Given records START
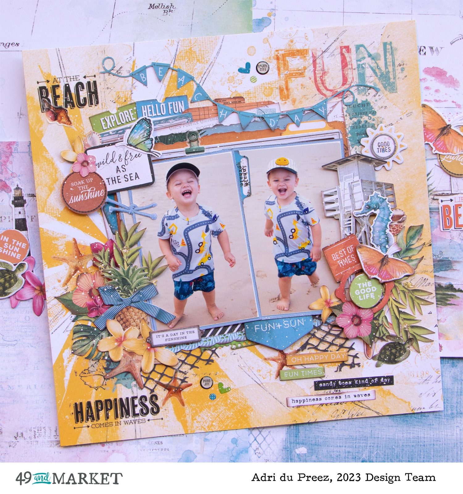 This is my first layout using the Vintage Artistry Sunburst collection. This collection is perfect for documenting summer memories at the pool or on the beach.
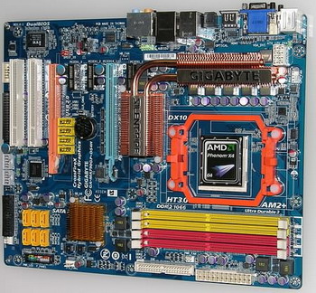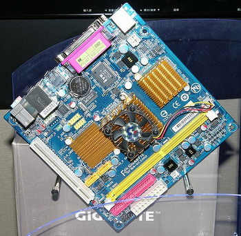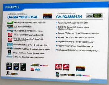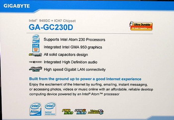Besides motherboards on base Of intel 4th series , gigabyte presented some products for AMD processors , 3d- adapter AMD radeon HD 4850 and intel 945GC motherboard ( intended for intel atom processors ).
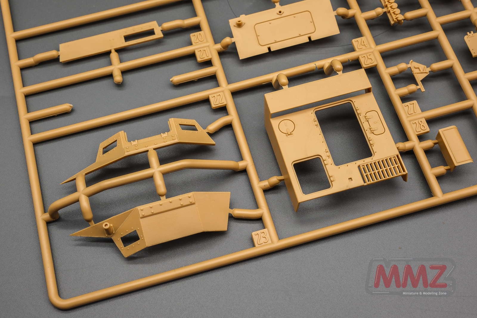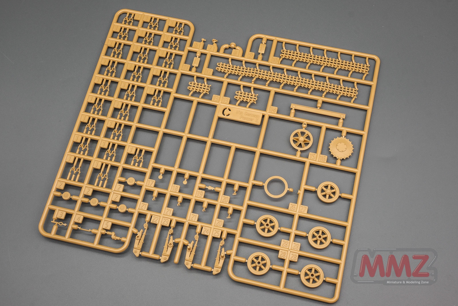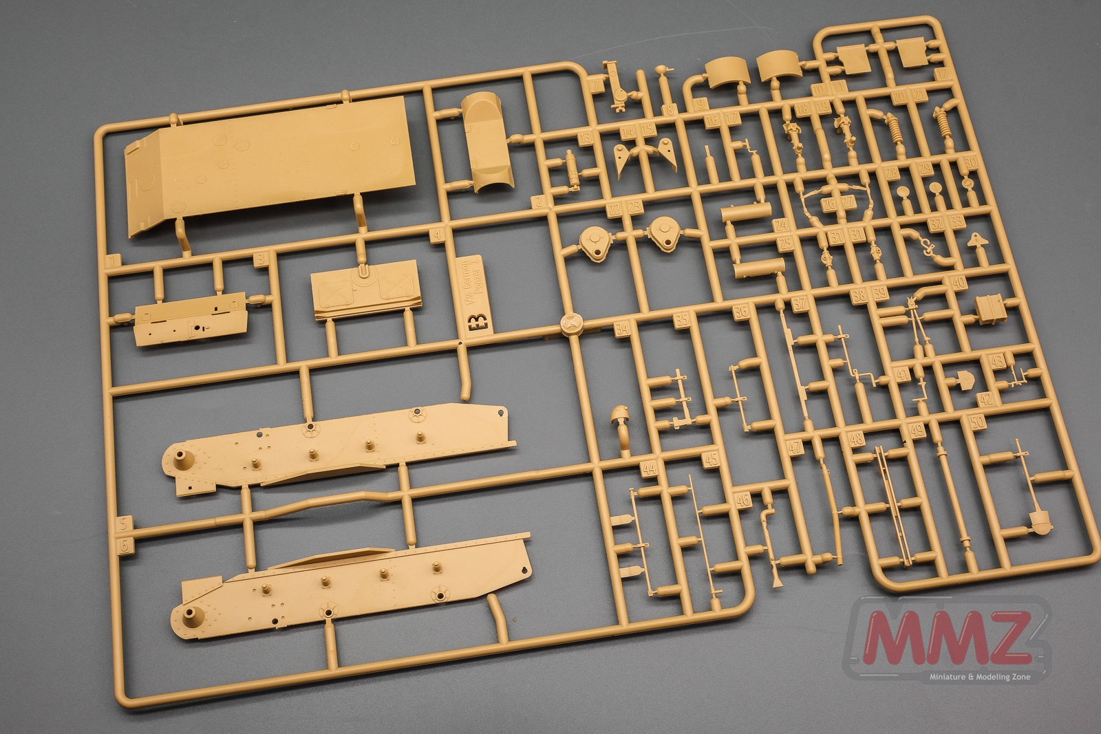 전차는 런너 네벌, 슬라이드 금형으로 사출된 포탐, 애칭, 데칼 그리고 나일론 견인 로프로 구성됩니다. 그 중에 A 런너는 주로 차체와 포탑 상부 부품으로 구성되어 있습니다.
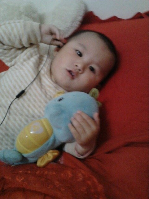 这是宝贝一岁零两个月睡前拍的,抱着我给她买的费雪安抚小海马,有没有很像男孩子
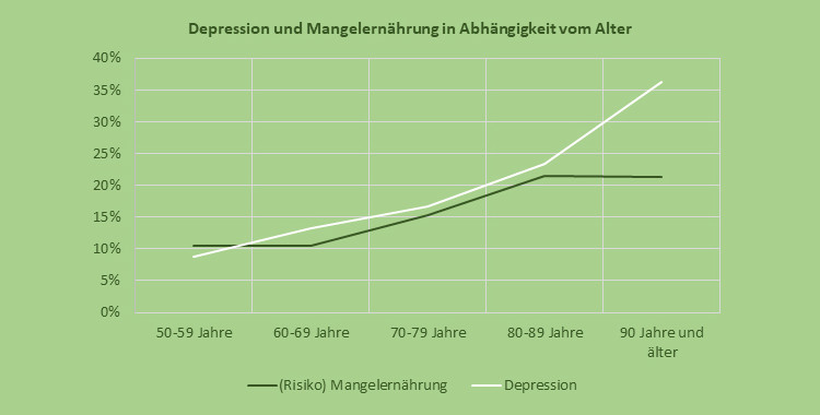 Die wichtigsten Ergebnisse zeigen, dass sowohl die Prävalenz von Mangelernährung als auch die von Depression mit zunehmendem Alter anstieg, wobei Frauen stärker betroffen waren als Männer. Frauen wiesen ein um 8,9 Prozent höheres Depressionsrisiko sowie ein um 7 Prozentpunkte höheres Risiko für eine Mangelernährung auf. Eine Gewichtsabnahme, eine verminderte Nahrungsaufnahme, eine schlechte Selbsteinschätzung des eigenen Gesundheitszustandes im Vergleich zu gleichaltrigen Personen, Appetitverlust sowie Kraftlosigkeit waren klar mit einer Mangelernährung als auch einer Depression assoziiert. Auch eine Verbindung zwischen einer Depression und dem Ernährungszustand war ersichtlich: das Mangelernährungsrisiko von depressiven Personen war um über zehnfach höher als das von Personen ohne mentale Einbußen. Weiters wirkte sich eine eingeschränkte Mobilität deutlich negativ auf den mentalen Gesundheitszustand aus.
Given records END
Write out, exactly as they appear, the lines from the one containing "Besides motherboards on" through the end of the material above, excluding pictures.

### [Your solution]
Besides motherboards on base Of intel 4th series , gigabyte presented some products for AMD processors , 3d- adapter AMD radeon HD 4850 and intel 945GC motherboard ( intended for intel atom processors ).
 전차는 런너 네벌, 슬라이드 금형으로 사출된 포탐, 애칭, 데칼 그리고 나일론 견인 로프로 구성됩니다. 그 중에 A 런너는 주로 차체와 포탑 상부 부품으로 구성되어 있습니다.
 这是宝贝一岁零两个月睡前拍的,抱着我给她买的费雪安抚小海马,有没有很像男孩子
 Die wichtigsten Ergebnisse zeigen, dass sowohl die Prävalenz von Mangelernährung als auch die von Depression mit zunehmendem Alter anstieg, wobei Frauen stärker betroffen waren als Männer. Frauen wiesen ein um 8,9 Prozent höheres Depressionsrisiko sowie ein um 7 Prozentpunkte höheres Risiko für eine Mangelernährung auf. Eine Gewichtsabnahme, eine verminderte Nahrungsaufnahme, eine schlechte Selbsteinschätzung des eigenen Gesundheitszustandes im Vergleich zu gleichaltrigen Personen, Appetitverlust sowie Kraftlosigkeit waren klar mit einer Mangelernährung als auch einer Depression assoziiert. Auch eine Verbindung zwischen einer Depression und dem Ernährungszustand war ersichtlich: das Mangelernährungsrisiko von depressiven Personen war um über zehnfach höher als das von Personen ohne mentale Einbußen. Weiters wirkte sich eine eingeschränkte Mobilität deutlich negativ auf den mentalen Gesundheitszustand aus.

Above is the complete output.